[TASK MATERIAL Boundary: Start]

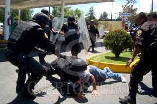 MORELIA, MICHOACAN, 30MARZO2010.- Aproximadamente 200 transportistas de diversas rutas de la ciudad, fueron arrestados por manifestarse en la avenida principal y centro histórico de la zona donde sus principales demandas era el que no se invadieran sus rutas de trabajo. FOTO: LEOVIGILDO GONZALEZ/CUARTOSCURO.COM
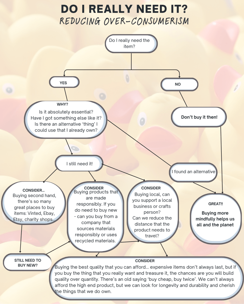 We are bombarded with novelty everywhere we go, it’s a cheap thrill. That cute rubber duck to sit on the side of the bath. A hit of endorphins that soon wears off. I’m trying to wake myself up to consumerism and ask myself if I really need something before I buy it. I wonder if there should be higher taxes on what materials are used for, novelty being the highest? It’s not just about plastic production; it’s about using all our resources mindfully.
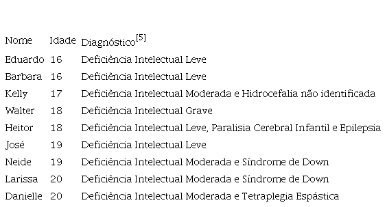 A pesquisa realizada foi qualitativa de caráter descritivo exploratório. Como procedimento de coleta de dados foram realizadas entrevistas semiestruturadas com nove jovens diagnosticados/as com deficiência intelectual e com seus familiares e responsáveis. Os/as jovens são alunos/as de uma instituição de educação especial na modalidade de Associação de Pais e Amigos dos Excepcionais (Apae) do interior do estado de São Paulo.
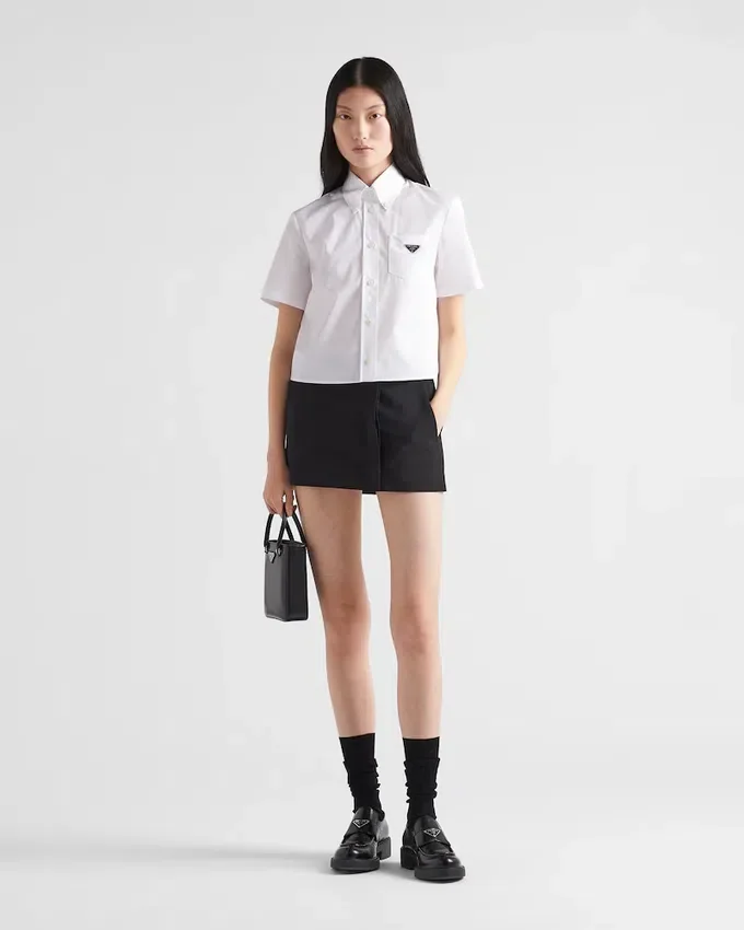 モダンな魅力を備えたミニマルなデザインが特徴の、ややクロップド丈のポプリンシャツです。ボタンダウンカラーと半袖の洗練されたスタイルに、エナメル加工された金属製の三角ロゴがあしらわれています。
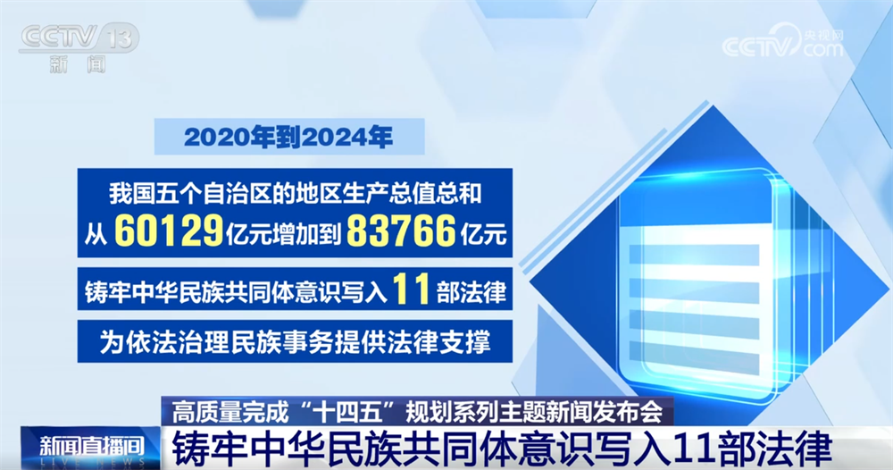 據瞭解,2020年到2024年,我國五個自治區的地區生產總值總和從60129億元增加到83766億元。鑄牢中華民族共同體意識寫入11部法律,為依法治理民族事務提供法律支撐。
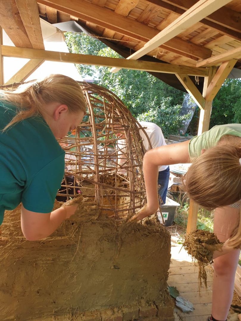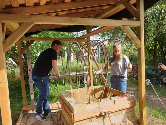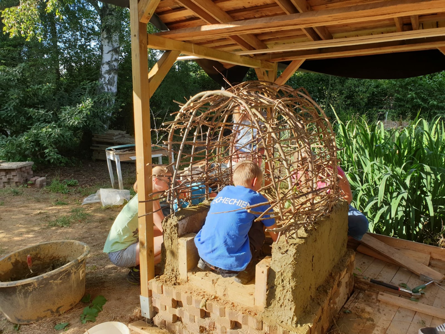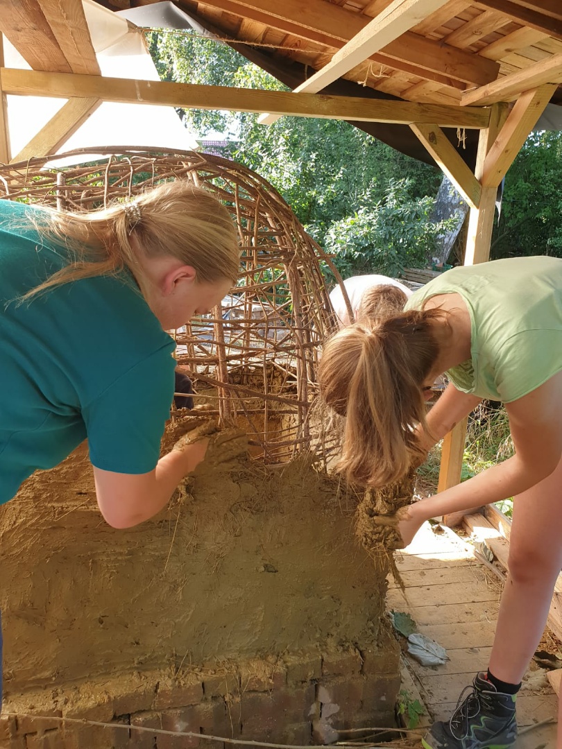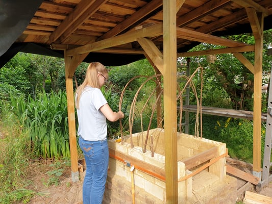 Der Bau des Lehmbackofens schreitet voran - Juni 2020

[TASK MATERIAL Boundary: End]

:: ACTIVITY ::
A word-for-word retyping of the material above is expected, without pictures.

:: EXERCISE RESULT ::
 MORELIA, MICHOACAN, 30MARZO2010.- Aproximadamente 200 transportistas de diversas rutas de la ciudad, fueron arrestados por manifestarse en la avenida principal y centro histórico de la zona donde sus principales demandas era el que no se invadieran sus rutas de trabajo. FOTO: LEOVIGILDO GONZALEZ/CUARTOSCURO.COM
 We are bombarded with novelty everywhere we go, it’s a cheap thrill. That cute rubber duck to sit on the side of the bath. A hit of endorphins that soon wears off. I’m trying to wake myself up to consumerism and ask myself if I really need something before I buy it. I wonder if there should be higher taxes on what materials are used for, novelty being the highest? It’s not just about plastic production; it’s about using all our resources mindfully.
 A pesquisa realizada foi qualitativa de caráter descritivo exploratório. Como procedimento de coleta de dados foram realizadas entrevistas semiestruturadas com nove jovens diagnosticados/as com deficiência intelectual e com seus familiares e responsáveis. Os/as jovens são alunos/as de uma instituição de educação especial na modalidade de Associação de Pais e Amigos dos Excepcionais (Apae) do interior do estado de São Paulo.
 モダンな魅力を備えたミニマルなデザインが特徴の、ややクロップド丈のポプリンシャツです。ボタンダウンカラーと半袖の洗練されたスタイルに、エナメル加工された金属製の三角ロゴがあしらわれています。
 據瞭解,2020年到2024年,我國五個自治區的地區生產總值總和從60129億元增加到83766億元。鑄牢中華民族共同體意識寫入11部法律,為依法治理民族事務提供法律支撐。
 Der Bau des Lehmbackofens schreitet voran - Juni 2020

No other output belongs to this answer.